With ACL injuries, when the athlete has been released from their rehab protocols—but are still in a transitional phase before engaging in full, aggressive team training—Rhea also applies the 1080 Sprint for assisted and resisted lunges to challenge the athletes with a specific stressor.

“If you can just envision an athlete doing walking lunges directly toward the machine, that tether is pulling them at a very precise amount of assistance,” Rhea says. “The athlete is doing the lunge, but it’s accentuating the stability on the land. As they lunge forward, the machine is pulling them forward and they have to resist and stabilize with each step. In this case I’m primarily just watching for stability. So I’ll watch how stable they are on their repaired leg versus the healthy leg, watch how they move, and I just use the machine to provide the stress of that anterior shift that the ACL is trying to prevent.”

In addition to progressing that assistance over time, Rhea will also turn the athletes in the opposite direction to do resisted lunges away from the 1080 Sprint, generating power and force data for each leg similar to what he might see in a resisted run.

7 Keys Peak Power

Image 3. Athlete performing a resisted lunge, with Rhea using resisted and assisted lunges as part of his return to play process.

“As those ratios become closer to normal, we know that the athlete is prepared to progress further into more aggressive training,” Rhea says. “As they get closer and closer to returning to play, they need to experience a more dynamic stress in order to make that jump from the controlled rehab setting to a very uncontrolled field sport.
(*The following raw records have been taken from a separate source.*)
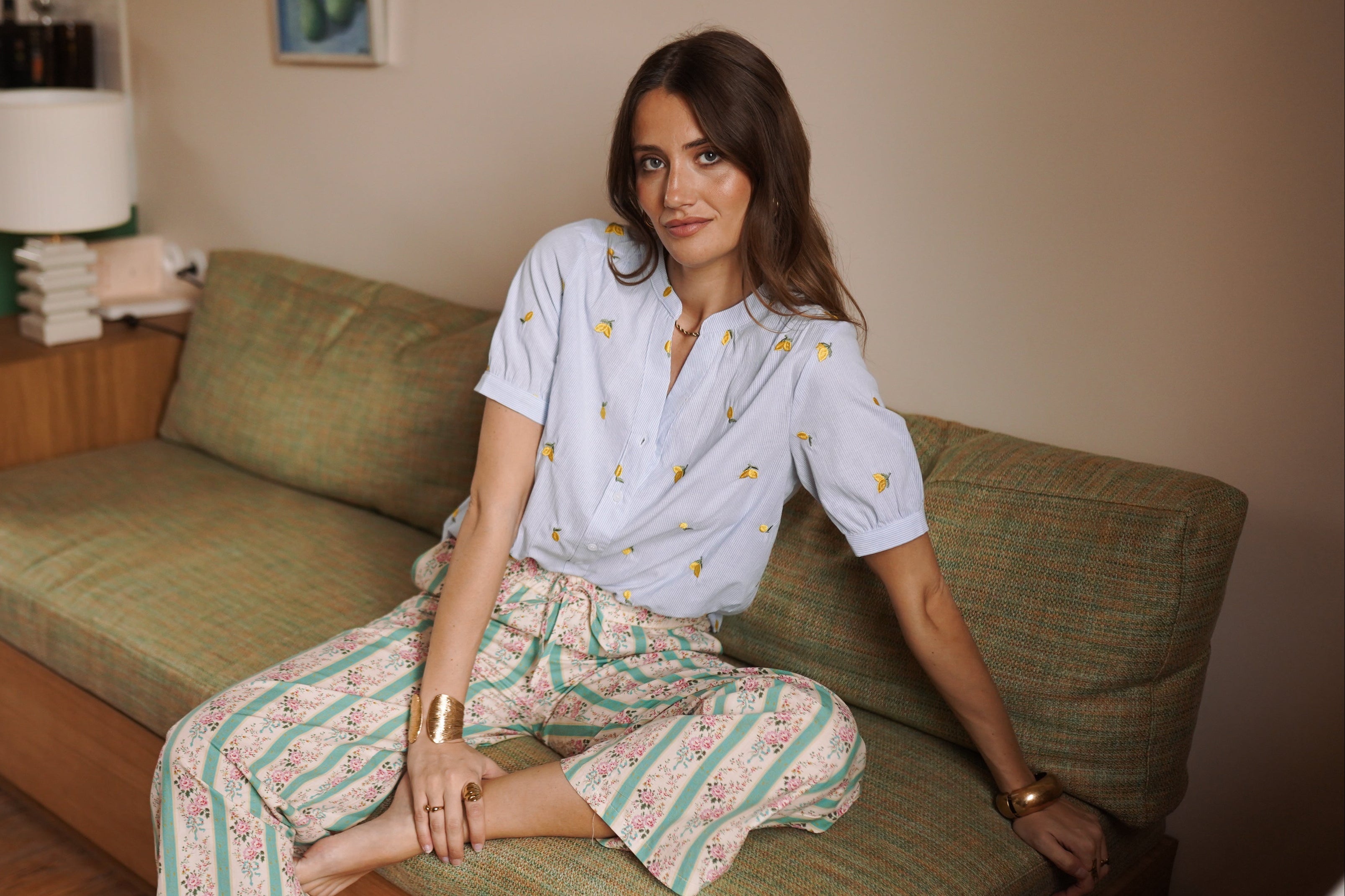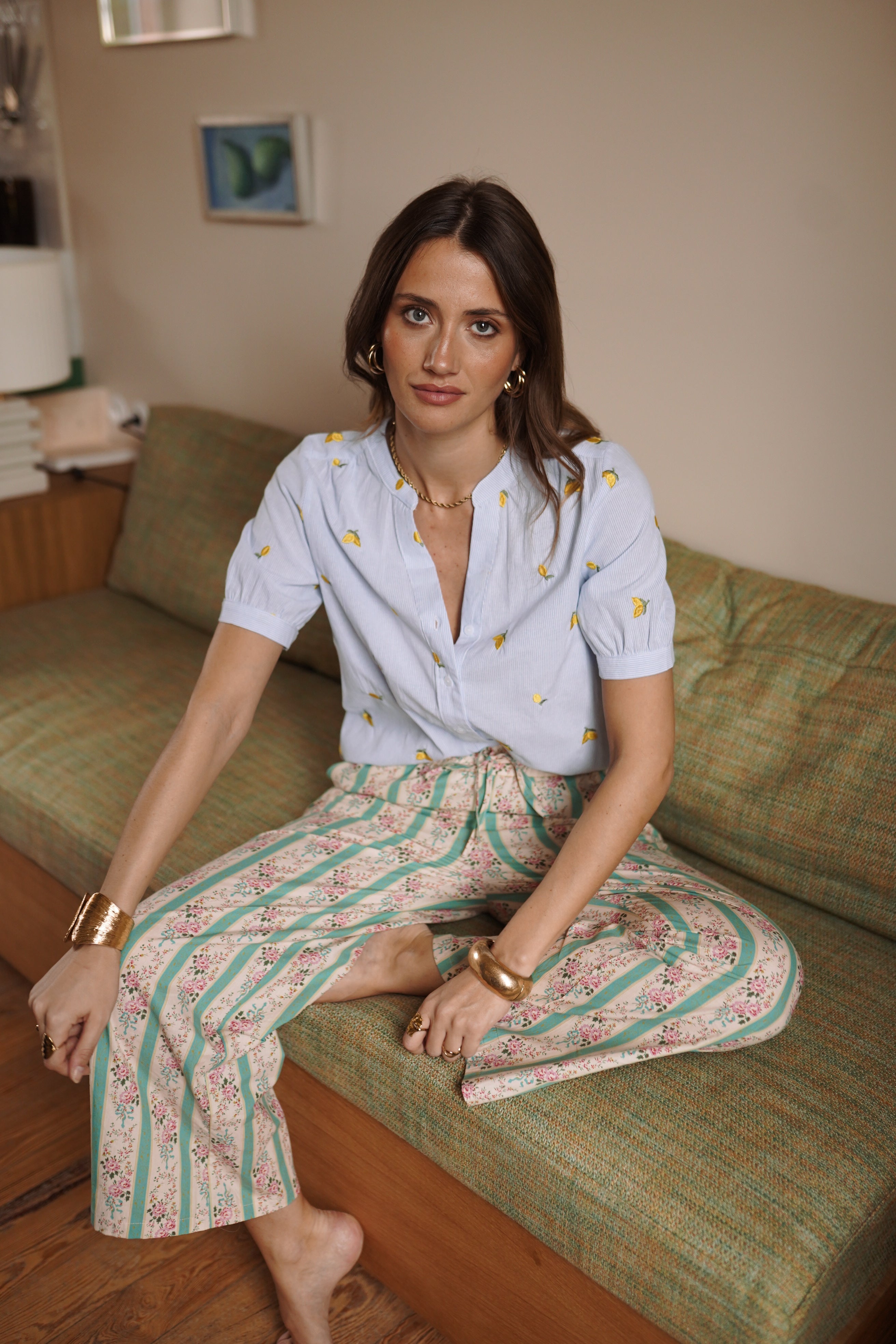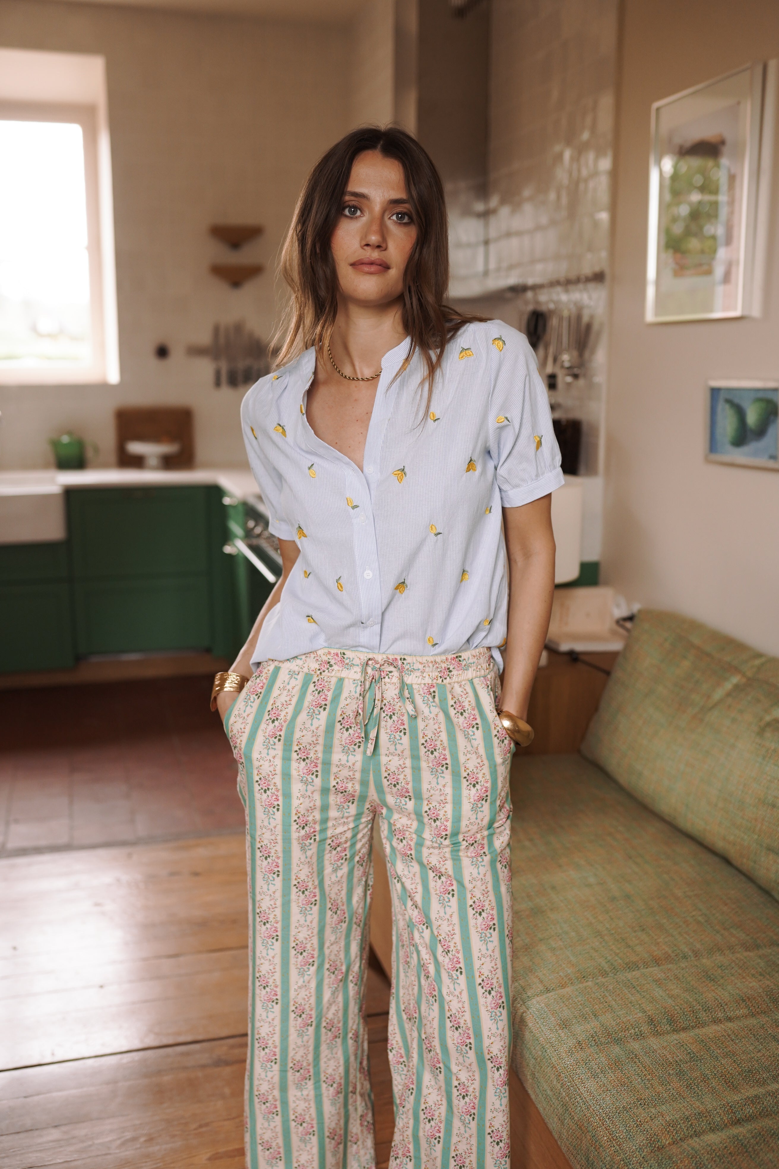 Citrus apporte une fraîcheur immédiate au vestiaire. Une chemise légère à fines rayures, ponctuée de broderies citron qui donnent du relief et une touche solaire au look.
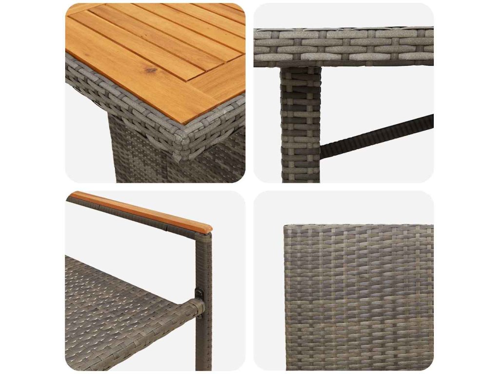 - Materiály: Zahradní jídelní souprava je vyrobená z poly ratanu, který je odolný proti špatnému počasí a každodennímu opotřebení. Tento materiál zajišťuje, že nábytek zůstane hezký a pevný po celou dobu jeho používání, takže vám poskytne pohodlí a trvanlivost, což ho činí ideálním pro venkovní použití.
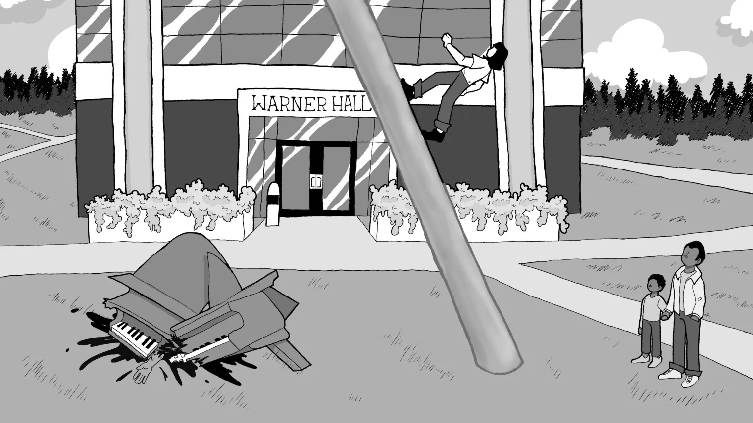 Yesterday, Carnegie Mellon University hosted a demonstration of kinetic and potential energy from an as-yet unknown artist. This event was witnessed by two Walking to the Sky statues who considered it a spectacle to behold and by several attendees who called it “brief but memorable,” remarking on how the cacophonous screech upon impact was rather similar to my own reaction towards events soon to be detailed.
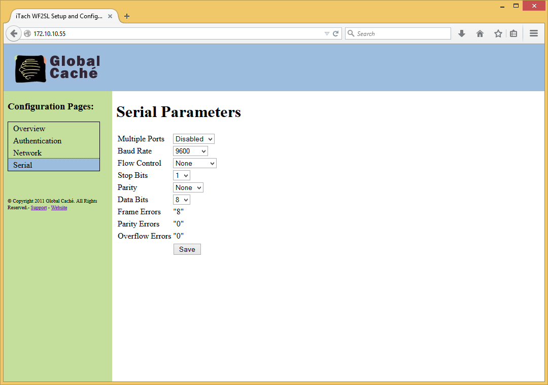 Веб-интерфейс адаптеров предоставляет только базовые настройки устройств. Отметим, что доступ к нему можно защитить паролем. Для серии CC в нем есть только сетевые настройки. В моделях для последовательного порта здесь выбираются его параметры — скорость, четность, управление потоком и другие. В случае проблем может помочь отображаемая статистика ошибок приема и передачи данных.

I think that type of exercise helps us there.

“The feedback from the athletes is that it is very challenging—they start to realize how close they are to competition and getting back to 100% as they feel their knee being able to stabilize in that type of a situation. Obviously, the next progression from there is some single-leg jumps that we then monitor and measure as they are able to do a more ballistic movement. But a dynamic movement like an assisted walking lunge, or even a resisted walking lunge, is a great stimulus to get their muscle coordination and the contraction of all the musculature that crosses the knee and stabilizes the knee.  To get all of that to work in coordination as it is supposed to is only something that comes from fairly dynamic exercise.”

7. Show, Don’t Tell

High-level athletes tend to be intrinsically motivated to improve, but having objective data at hand can push them to continue on their path and validate the effort they’ve invested in shoring up deficiencies: whether that be gaining a measurable mph in sprint speed or improving a notch in peak power output.

“For a recovering athlete, I think the data builds confidence,” Rhea says. “When they see the objective data, they can start to realize that they are actually at 80% or 85% or wherever they’re at. I definitely think it helps from a confidence standpoint, and feeling comfortable getting back into regular training, and getting comfortable pushing themselves at a level that college football requires.

“From a performance standpoint, I think most athletes really enjoy seeing performance data. Once our athletes started to see that there was a lot more to a sprint than just your 40 time, I think they start to fully realize how advanced our system is at identifying their limitations and knowing how to address them. So, we’re some of the only people our athletes are comfortable about having find their flaws… because they know if we can find them, then we can fix them.”